**What you should do**
Set the whole listing down again, word for word, with no pictures.

**Task data**

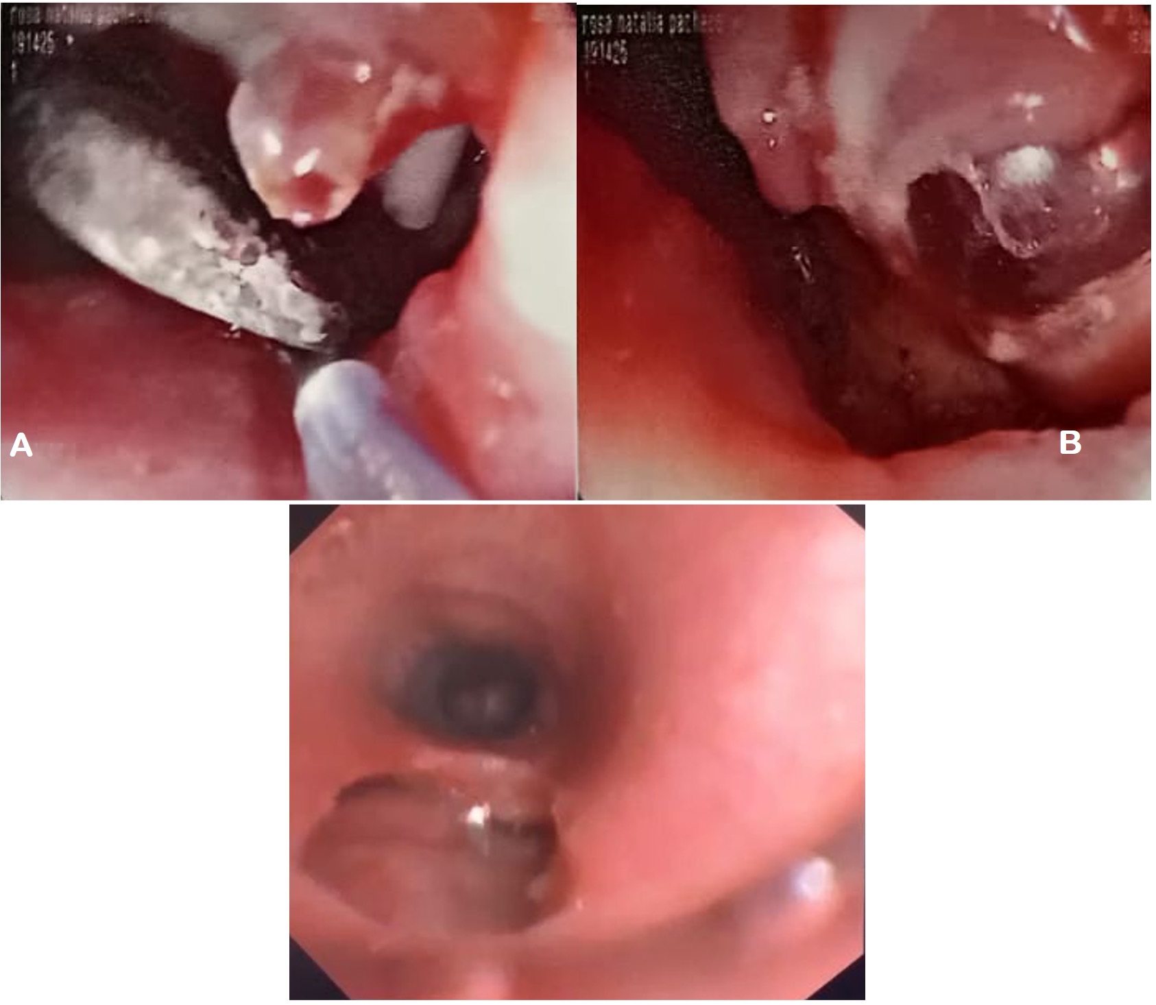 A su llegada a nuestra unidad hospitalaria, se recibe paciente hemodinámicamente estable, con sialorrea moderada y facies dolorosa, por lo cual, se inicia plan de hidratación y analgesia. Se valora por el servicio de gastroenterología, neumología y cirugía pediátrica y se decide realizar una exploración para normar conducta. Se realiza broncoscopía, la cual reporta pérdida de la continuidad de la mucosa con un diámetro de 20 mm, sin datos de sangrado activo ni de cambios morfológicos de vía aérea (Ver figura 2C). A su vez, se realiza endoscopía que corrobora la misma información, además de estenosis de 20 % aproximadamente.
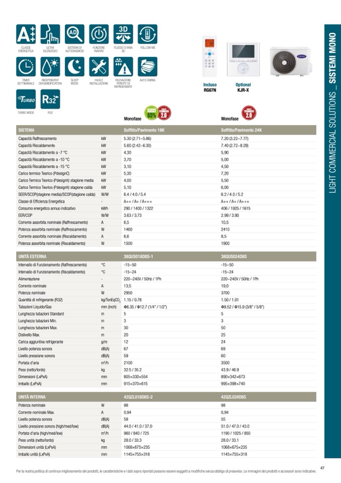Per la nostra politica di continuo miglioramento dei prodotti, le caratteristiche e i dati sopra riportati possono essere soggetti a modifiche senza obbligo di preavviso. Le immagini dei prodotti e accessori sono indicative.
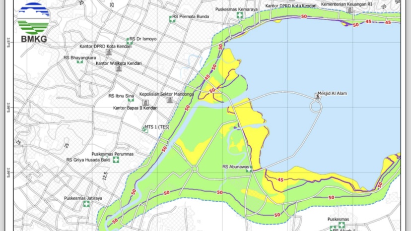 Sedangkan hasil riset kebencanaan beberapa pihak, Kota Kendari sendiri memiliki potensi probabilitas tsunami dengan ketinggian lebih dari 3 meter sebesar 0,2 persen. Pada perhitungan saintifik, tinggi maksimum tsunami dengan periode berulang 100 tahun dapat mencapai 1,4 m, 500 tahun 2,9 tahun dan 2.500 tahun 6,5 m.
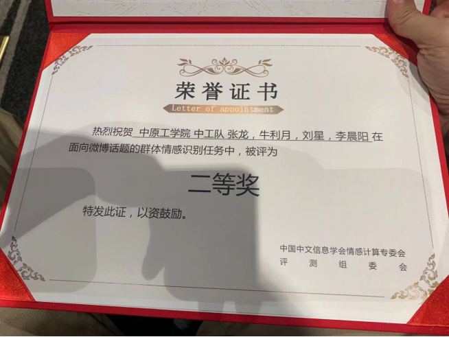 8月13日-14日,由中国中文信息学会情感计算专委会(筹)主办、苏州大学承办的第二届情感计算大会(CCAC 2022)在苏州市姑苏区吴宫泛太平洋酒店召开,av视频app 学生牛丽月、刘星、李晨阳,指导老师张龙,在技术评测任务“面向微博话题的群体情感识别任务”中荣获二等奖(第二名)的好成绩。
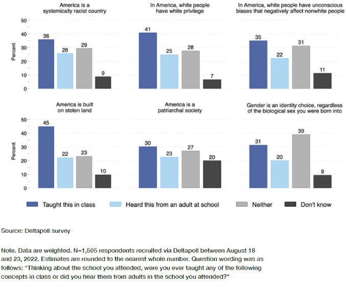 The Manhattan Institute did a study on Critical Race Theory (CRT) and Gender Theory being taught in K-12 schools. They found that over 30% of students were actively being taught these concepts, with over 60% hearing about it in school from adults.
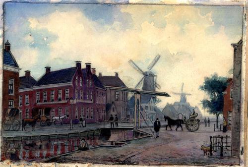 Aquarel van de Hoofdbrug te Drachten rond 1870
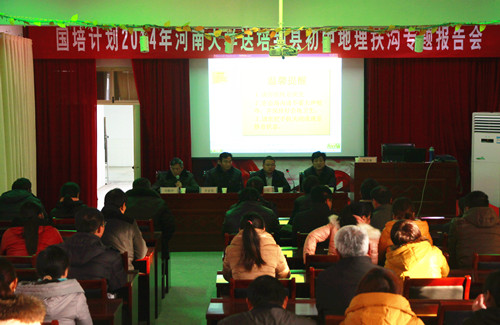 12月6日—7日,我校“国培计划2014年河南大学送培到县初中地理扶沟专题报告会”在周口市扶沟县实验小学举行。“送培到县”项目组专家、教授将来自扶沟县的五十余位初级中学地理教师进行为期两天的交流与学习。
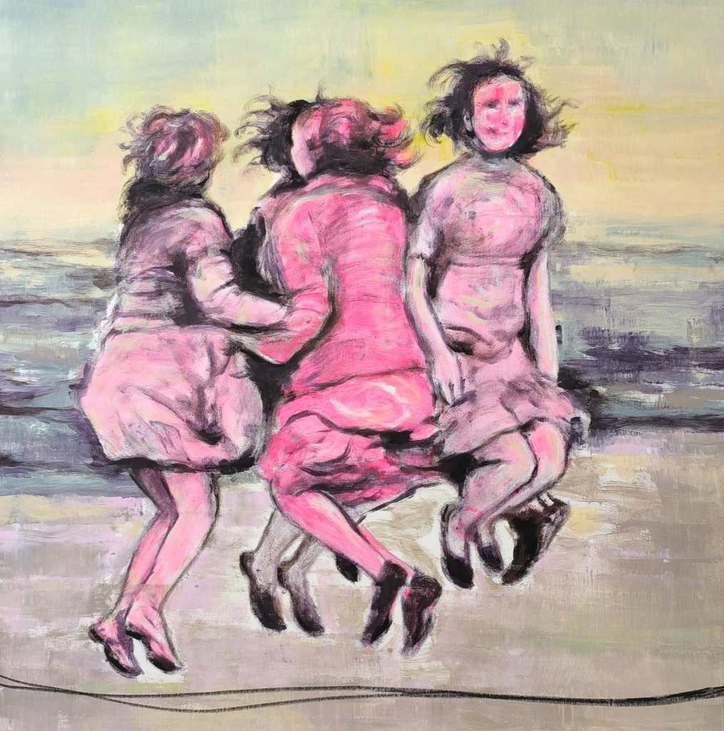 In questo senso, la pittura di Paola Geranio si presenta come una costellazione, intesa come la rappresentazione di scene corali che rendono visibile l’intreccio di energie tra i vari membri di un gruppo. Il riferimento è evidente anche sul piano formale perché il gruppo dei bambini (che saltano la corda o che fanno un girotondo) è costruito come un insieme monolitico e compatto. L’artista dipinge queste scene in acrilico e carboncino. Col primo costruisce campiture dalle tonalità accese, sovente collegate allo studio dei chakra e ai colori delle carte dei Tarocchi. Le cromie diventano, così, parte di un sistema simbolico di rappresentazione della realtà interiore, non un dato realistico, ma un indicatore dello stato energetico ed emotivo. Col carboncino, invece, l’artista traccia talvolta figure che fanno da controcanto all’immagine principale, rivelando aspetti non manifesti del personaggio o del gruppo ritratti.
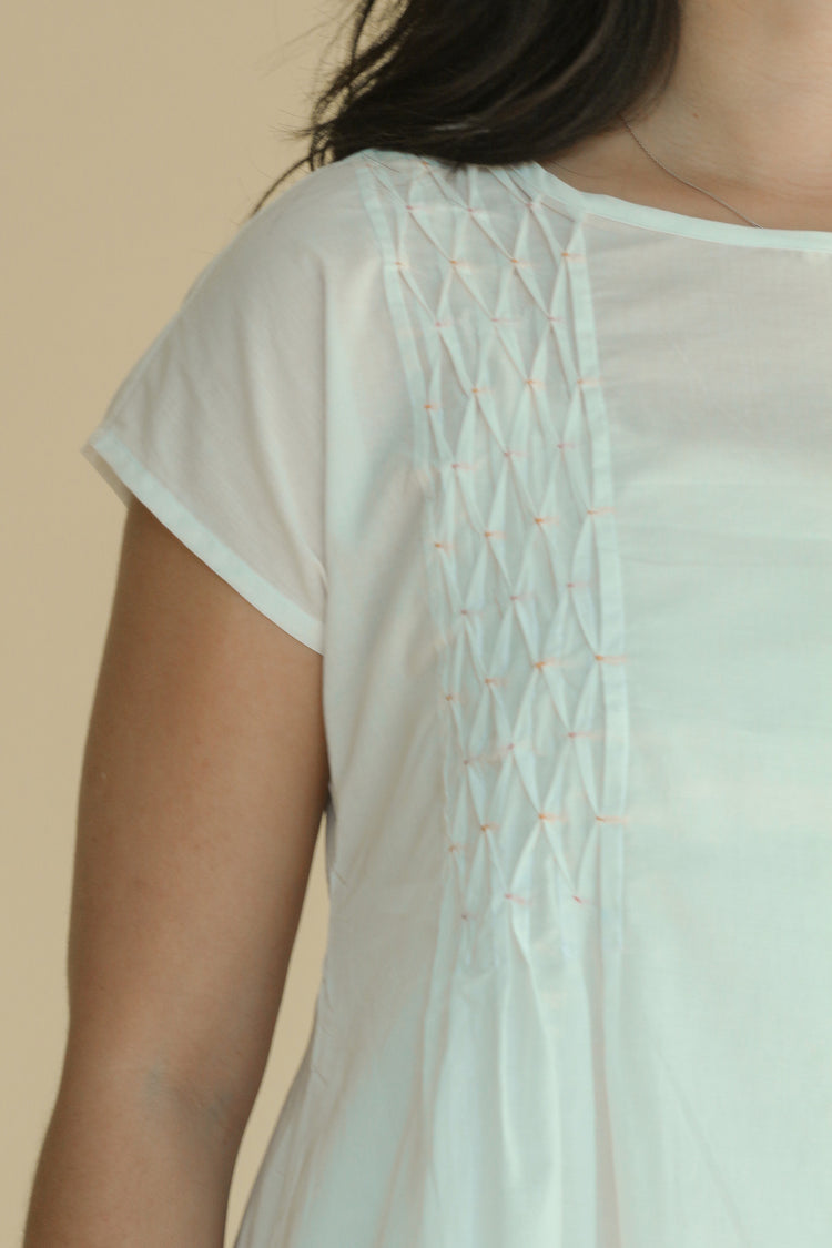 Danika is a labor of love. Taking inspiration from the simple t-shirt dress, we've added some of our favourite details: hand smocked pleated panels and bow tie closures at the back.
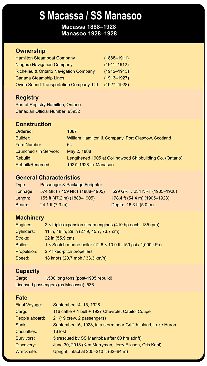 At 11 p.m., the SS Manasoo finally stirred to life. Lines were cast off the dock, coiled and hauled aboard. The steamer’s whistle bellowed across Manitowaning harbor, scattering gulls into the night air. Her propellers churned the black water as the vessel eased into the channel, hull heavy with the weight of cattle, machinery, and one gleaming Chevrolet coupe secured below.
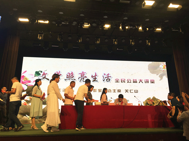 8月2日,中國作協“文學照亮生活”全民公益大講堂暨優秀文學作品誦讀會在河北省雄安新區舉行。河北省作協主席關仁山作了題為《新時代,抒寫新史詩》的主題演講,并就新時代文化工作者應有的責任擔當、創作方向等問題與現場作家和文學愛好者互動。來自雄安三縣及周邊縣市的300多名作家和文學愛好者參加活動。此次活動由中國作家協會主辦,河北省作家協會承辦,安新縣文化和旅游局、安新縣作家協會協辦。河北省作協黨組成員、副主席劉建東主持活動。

**Result for this task**
 A su llegada a nuestra unidad hospitalaria, se recibe paciente hemodinámicamente estable, con sialorrea moderada y facies dolorosa, por lo cual, se inicia plan de hidratación y analgesia. Se valora por el servicio de gastroenterología, neumología y cirugía pediátrica y se decide realizar una exploración para normar conducta. Se realiza broncoscopía, la cual reporta pérdida de la continuidad de la mucosa con un diámetro de 20 mm, sin datos de sangrado activo ni de cambios morfológicos de vía aérea (Ver figura 2C). A su vez, se realiza endoscopía que corrobora la misma información, además de estenosis de 20 % aproximadamente.
Per la nostra politica di continuo miglioramento dei prodotti, le caratteristiche e i dati sopra riportati possono essere soggetti a modifiche senza obbligo di preavviso. Le immagini dei prodotti e accessori sono indicative.
 Sedangkan hasil riset kebencanaan beberapa pihak, Kota Kendari sendiri memiliki potensi probabilitas tsunami dengan ketinggian lebih dari 3 meter sebesar 0,2 persen. Pada perhitungan saintifik, tinggi maksimum tsunami dengan periode berulang 100 tahun dapat mencapai 1,4 m, 500 tahun 2,9 tahun dan 2.500 tahun 6,5 m.
 8月13日-14日,由中国中文信息学会情感计算专委会(筹)主办、苏州大学承办的第二届情感计算大会(CCAC 2022)在苏州市姑苏区吴宫泛太平洋酒店召开,av视频app 学生牛丽月、刘星、李晨阳,指导老师张龙,在技术评测任务“面向微博话题的群体情感识别任务”中荣获二等奖(第二名)的好成绩。
 The Manhattan Institute did a study on Critical Race Theory (CRT) and Gender Theory being taught in K-12 schools. They found that over 30% of students were actively being taught these concepts, with over 60% hearing about it in school from adults.
 Aquarel van de Hoofdbrug te Drachten rond 1870
 12月6日—7日,我校“国培计划2014年河南大学送培到县初中地理扶沟专题报告会”在周口市扶沟县实验小学举行。“送培到县”项目组专家、教授将来自扶沟县的五十余位初级中学地理教师进行为期两天的交流与学习。
 In questo senso, la pittura di Paola Geranio si presenta come una costellazione, intesa come la rappresentazione di scene corali che rendono visibile l’intreccio di energie tra i vari membri di un gruppo. Il riferimento è evidente anche sul piano formale perché il gruppo dei bambini (che saltano la corda o che fanno un girotondo) è costruito come un insieme monolitico e compatto. L’artista dipinge queste scene in acrilico e carboncino. Col primo costruisce campiture dalle tonalità accese, sovente collegate allo studio dei chakra e ai colori delle carte dei Tarocchi. Le cromie diventano, così, parte di un sistema simbolico di rappresentazione della realtà interiore, non un dato realistico, ma un indicatore dello stato energetico ed emotivo. Col carboncino, invece, l’artista traccia talvolta figure che fanno da controcanto all’immagine principale, rivelando aspetti non manifesti del personaggio o del gruppo ritratti.
 Danika is a labor of love. Taking inspiration from the simple t-shirt dress, we've added some of our favourite details: hand smocked pleated panels and bow tie closures at the back.
 At 11 p.m., the SS Manasoo finally stirred to life. Lines were cast off the dock, coiled and hauled aboard. The steamer’s whistle bellowed across Manitowaning harbor, scattering gulls into the night air. Her propellers churned the black water as the vessel eased into the channel, hull heavy with the weight of cattle, machinery, and one gleaming Chevrolet coupe secured below.
 8月2日,中國作協“文學照亮生活”全民公益大講堂暨優秀文學作品誦讀會在河北省雄安新區舉行。河北省作協主席關仁山作了題為《新時代,抒寫新史詩》的主題演講,并就新時代文化工作者應有的責任擔當、創作方向等問題與現場作家和文學愛好者互動。來自雄安三縣及周邊縣市的300多名作家和文學愛好者參加活動。此次活動由中國作家協會主辦,河北省作家協會承辦,安新縣文化和旅游局、安新縣作家協會協辦。河北省作協黨組成員、副主席劉建東主持活動。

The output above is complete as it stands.